Records for this task:

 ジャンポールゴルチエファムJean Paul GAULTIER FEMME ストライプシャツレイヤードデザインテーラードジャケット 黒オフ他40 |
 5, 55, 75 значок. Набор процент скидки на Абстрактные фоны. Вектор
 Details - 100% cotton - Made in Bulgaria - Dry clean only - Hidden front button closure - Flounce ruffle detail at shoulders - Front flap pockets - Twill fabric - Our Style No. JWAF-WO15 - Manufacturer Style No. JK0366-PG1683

* * *

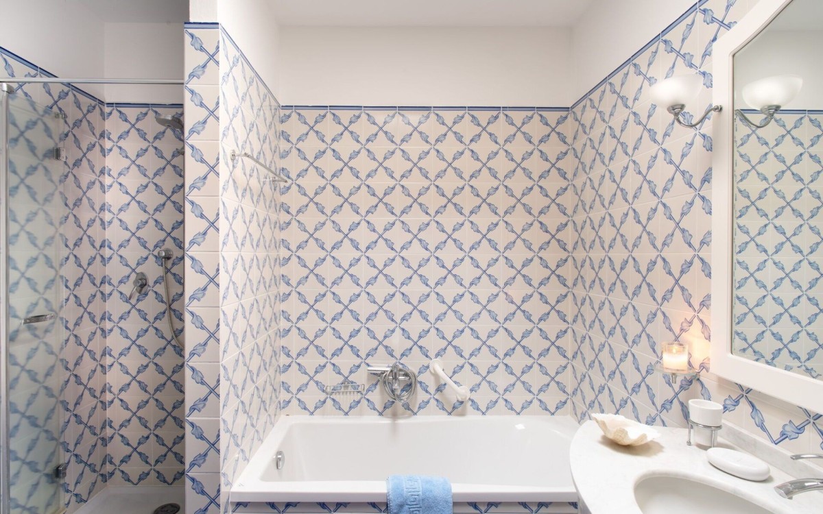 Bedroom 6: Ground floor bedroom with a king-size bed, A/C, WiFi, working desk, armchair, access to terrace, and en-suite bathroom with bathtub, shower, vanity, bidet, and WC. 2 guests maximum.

How to complete this task: Only the lines above starting with the one with "ジャンポールゴルチエファムJean Paul GAULTIER" and going through the one with "Details - 100%" are to be copied, word for word and with both ends kept.

Your response:
 ジャンポールゴルチエファムJean Paul GAULTIER FEMME ストライプシャツレイヤードデザインテーラードジャケット 黒オフ他40 |
 5, 55, 75 значок. Набор процент скидки на Абстрактные фоны. Вектор
 Details - 100% cotton - Made in Bulgaria - Dry clean only - Hidden front button closure - Flounce ruffle detail at shoulders - Front flap pockets - Twill fabric - Our Style No. JWAF-WO15 - Manufacturer Style No. JK0366-PG1683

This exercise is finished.